DATA SECTION
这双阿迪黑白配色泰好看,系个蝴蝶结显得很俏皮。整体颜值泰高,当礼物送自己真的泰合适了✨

...

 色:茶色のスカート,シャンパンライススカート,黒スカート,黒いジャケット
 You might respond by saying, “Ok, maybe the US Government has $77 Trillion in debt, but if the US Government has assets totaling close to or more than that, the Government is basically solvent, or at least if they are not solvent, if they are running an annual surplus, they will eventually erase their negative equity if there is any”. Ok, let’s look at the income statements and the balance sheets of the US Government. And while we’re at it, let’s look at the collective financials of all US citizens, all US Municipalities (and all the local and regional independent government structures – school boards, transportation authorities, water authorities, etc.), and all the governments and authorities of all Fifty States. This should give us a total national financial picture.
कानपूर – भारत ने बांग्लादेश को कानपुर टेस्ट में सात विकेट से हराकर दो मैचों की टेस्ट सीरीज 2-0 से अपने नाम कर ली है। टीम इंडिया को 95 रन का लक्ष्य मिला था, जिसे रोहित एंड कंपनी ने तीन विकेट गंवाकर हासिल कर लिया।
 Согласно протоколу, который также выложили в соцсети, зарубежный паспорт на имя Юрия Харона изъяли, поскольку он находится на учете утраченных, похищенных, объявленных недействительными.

WORK INSTRUCTIONS
The listing above holds a line with "कानपूर – भारत" and a line with "Согласно протоколу, который". Print the stretch from the first through the second, exactly and alone.

WRITTEN RESPONSE
कानपूर – भारत ने बांग्लादेश को कानपुर टेस्ट में सात विकेट से हराकर दो मैचों की टेस्ट सीरीज 2-0 से अपने नाम कर ली है। टीम इंडिया को 95 रन का लक्ष्य मिला था, जिसे रोहित एंड कंपनी ने तीन विकेट गंवाकर हासिल कर लिया।
 Согласно протоколу, который также выложили в соцсети, зарубежный паспорт на имя Юрия Харона изъяли, поскольку он находится на учете утраченных, похищенных, объявленных недействительными.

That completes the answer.